Во-вторых, в многочисленном собрании не могут не оказаться такие люди,
интересы которых противоположны интересам государства, и так как эти
интересы воодушевляют их, а воодушевление делает их красноречивыми, то своим
красноречием они внушают другим свой совет. Ибо страсти разрозненных людей
умеренны, как жар одной головни; в собрании же они являются как бы многими
головнями, воспламеняющими друг друга (особенно когда они разжигают друг
друга речами), дабы поджечь государство под предлогом оказания ему помощи
советом. В-третьих, слушая каждого человека отдельно, мы можем прерывать его
и возражать ему и таким путем подвергать испытанию, когда это необходимо,
правильность его доводов и основания его совета, чего нельзя делать в
собрании, где человек при всяком трудном вопросе бывает больше поражен и
ослеплен разнообразием речей по интересующему его вопросу, чем информирован
о том пути, по которому ему следует идти. Кроме того, в многочисленном
собрании, созванном для совета, непременно найдутся некоторые, кто из
честолюбия хочет считаться красноречивым и сведущим в политике и дает свой
совет, сообразуясь не с интересами дела, предложенного обсуждению, а с
желанием пожинать аплодисменты своими цветистыми речами, испещренными
цитатами из разных авторов; с их стороны это, по меньшей мере, дерзость, ибо
они отнимают время от серьезного обсуждения, чего легко можно избежать при
совещании в узком кругу. В-четвертых, при обсуждении дел, которые надлежит
сохранить в тайне (таковы многие государственные дела), советы многих, а
особенно в собраниях, опасны. Поэтому многочисленные собрания вынуждены
передавать такие дела более узким собраниям, состоящим из лиц, которые
наиболее сведущи в этих вопросах и преданность которых не вызывает сомнений.

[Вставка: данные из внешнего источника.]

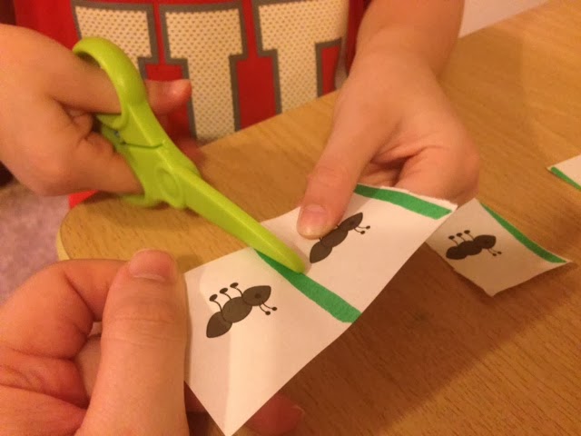 Another skill we will continue working on is cutting with scissors. I had photos of ants and I drew lines between them and had E cut along the lines.
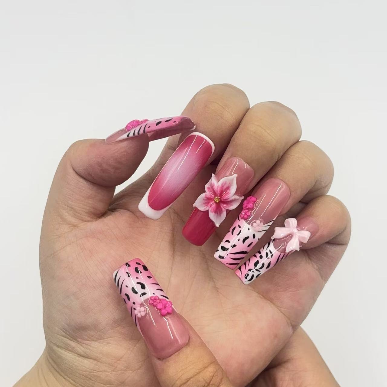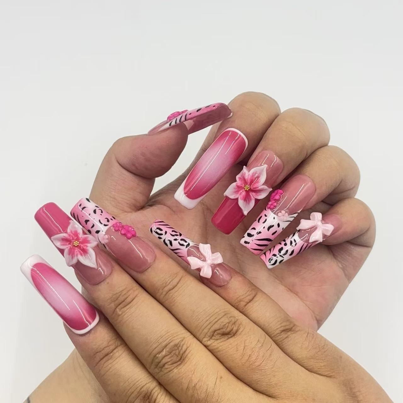 Pink Panther Sweet Handmade Nails feature pink gradient bases with white French tips and pink leopard patterns. The...
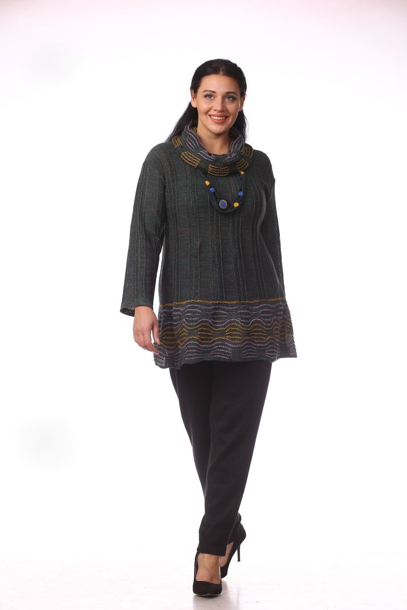 Описание: Туника с воротником хомут, украшение, трикотаж, 52 размер 70см, рукав с плечом 66см.
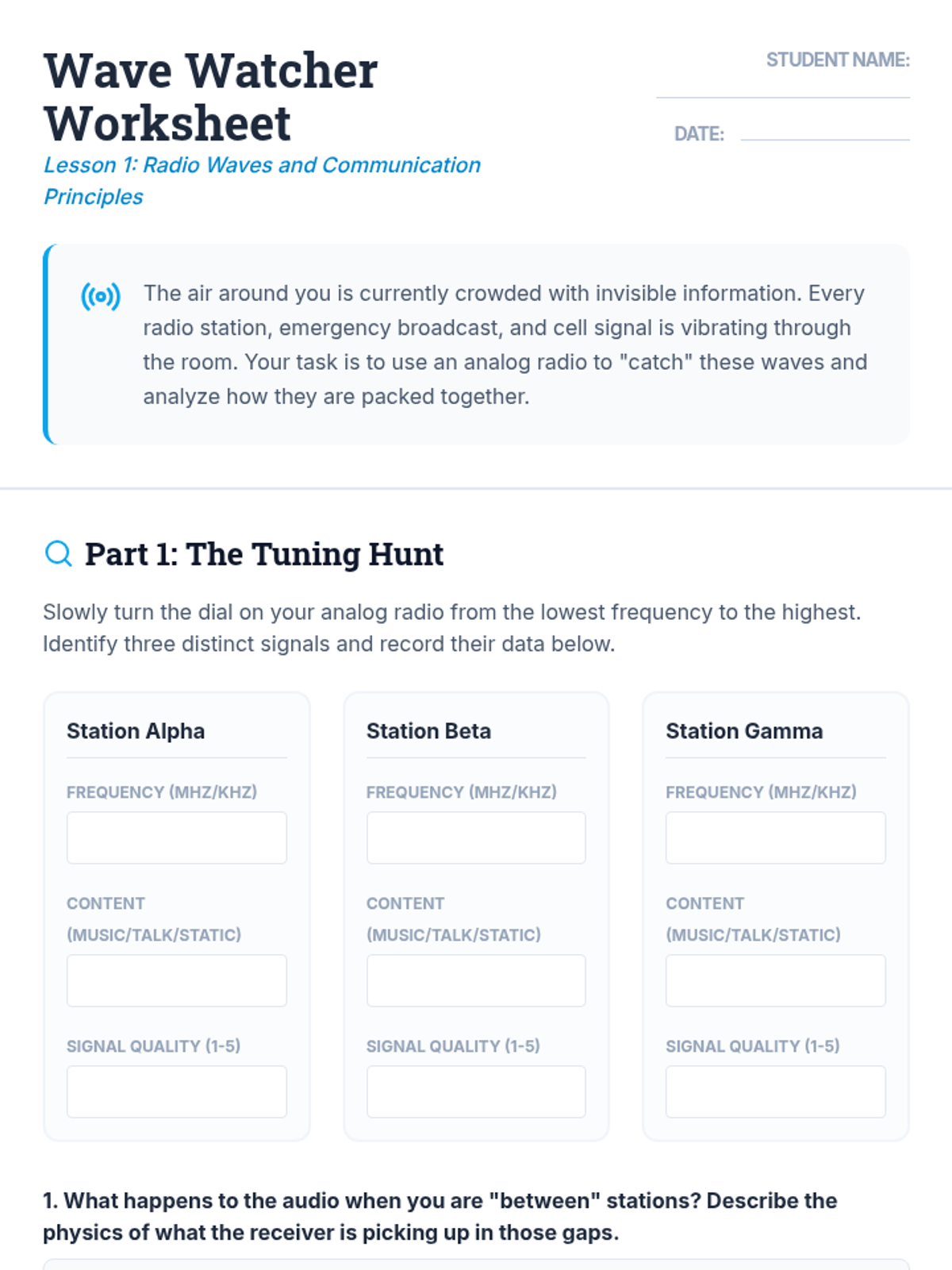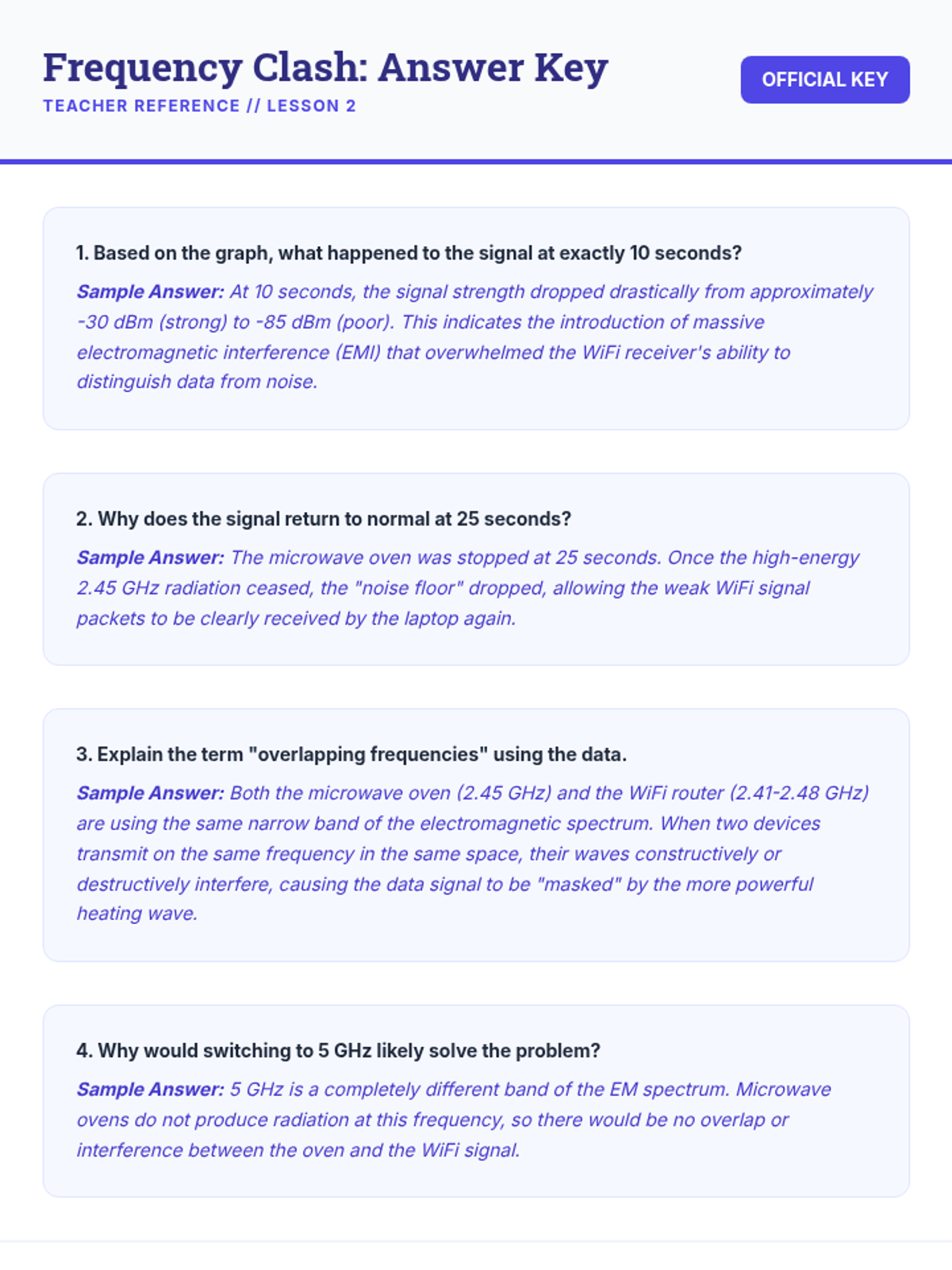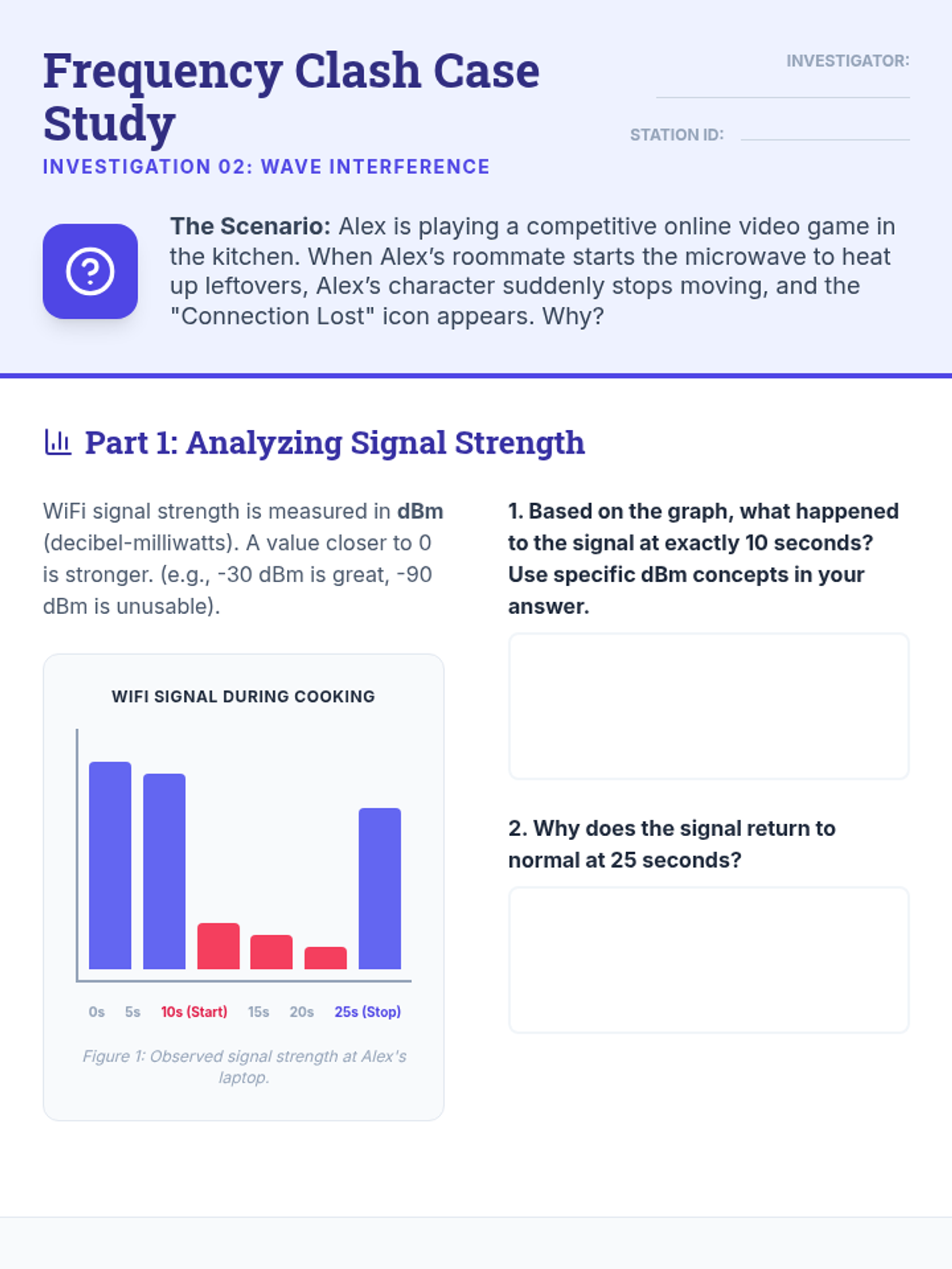 Students engage in an engineering design challenge focused on radio waves and microwaves, applying theoretical knowledge to solve real-world connectivity and interference problems. The sequence culminates in the design and testing of a Faraday cage to block cellular signals.
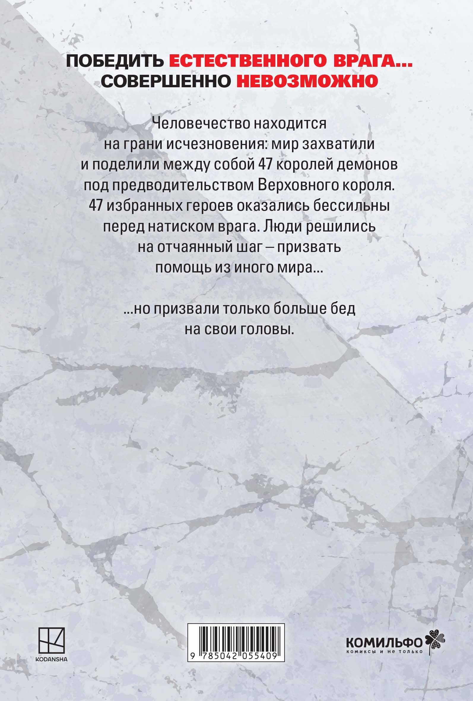 ПОБЕДИТЬ ЕСТЕСТВЕННОГО ВРАГА… СОВЕРШЕННО НЕВОЗМОЖНО Суперзвезда боевой и комедийной манги, автор самых безумных и интригующий идей - мангака ONE запускает новую амбициозную серию, грозящуюся переплюнуть даже легендарного One-punch Man! В этом постмодернистском творческом котле замешано всё, что есть весёлого в поп-культуре - фэнтези и научная фантастика, постапокалипсис и киберпанк… место нашлось даже кайдзю! Ультимативный исекай стартует с истории гибели человечества: демоны завоевали всю Землю и почти истребили людской род. 47 избранных героев, вооружённых магическими мечами, пали перед натиском армии Верховного короля демонов. Отчаявшись, люди призвали на помощь цивилизацию из иного мира… но в итоге получили только больше проблем на свои головы.| Издательство | ООО "Издательство "Эксмо" |

В заключение мы спросим: разве найдется где-нибудь такой горячий
сторонник советов большого собрания, что он стал бы просить у него совета
или пользоваться таким советом тогда, когда речь идет о женитьбе детей, о
том, как распорядиться своими землями, о своем домоводстве, об управлении
своим личным имением, особенно в том случае, когда между членами такого
собрания имеются его недоброжелатели? Человек, который устраивает свои дела
при содействии многих и разумных советников, советуясь с каждым из них в
отдельности по тем вопросам, по которым соответствующий советник является
наиболее компетентным, поступает наиболее разумно и похож на того, кто, грая
в теннис, пользуется содействием способных помощников, расставленных в
надлежащих местах. Наилучшим образом поступает также тот, кто пользуется
исключительно своим собственным умом, как в теннисе тот, кто совершенно не
прибегает к содействию помощников. Но тот, кто ищет совета в своих делах у
собрания, решение которого зависит от согласия большинства, каковое решение
обычно тормозится из зависти или своекорыстия несогласной частью, поступает
наихудшим образом. Такой человек похож на игрока, которого везут к мячу хотя
и хорошие игроки, но на тачке или на чем-нибудь другом, тяжелом самом по
себе и замедляемом еще разногласием во мнениях и несогласованными усилиями
тех, кто его тащит, причем замедляемом тем больше, чем больше число лиц,
прилагающих к этому руку, а больше всего тогда, когда среди них имеются один
или несколько, которые желают, чтобы играющий проиграл. И хотя верно, что
много глаз видят больше, чем один, однако это можно применить ко многим
советчикам лишь в том случае, когда окончательное решение находится в руках
одного человека. При отсутствии этого условия бывает совсем наоборот. Ибо
много глаз видят одну и ту же вещь по-разному и склонны смотреть в сторону
своей собственной выгоды. Вот почему стрелки, не желая промахнуться,
присматриваются, правда, обоими глазами, но прицеливаются лишь одним. И вот
почему большие демократические государства всегда держались не открытыми
совещаниями собраний, а или благодаря объединявшему их общему врагу, или
популярностью какого-нибудь их выдающегося человека, или каким-нибудь тайным
немногочисленным советом, или взаимной боязнью заговоров. Что же касается
маленьких государств, как демократических, так и монархических, то никакая
человеческая мудрость не может их сохранить дольше, чем продолжается
взаимная зависть их могущественных соседей.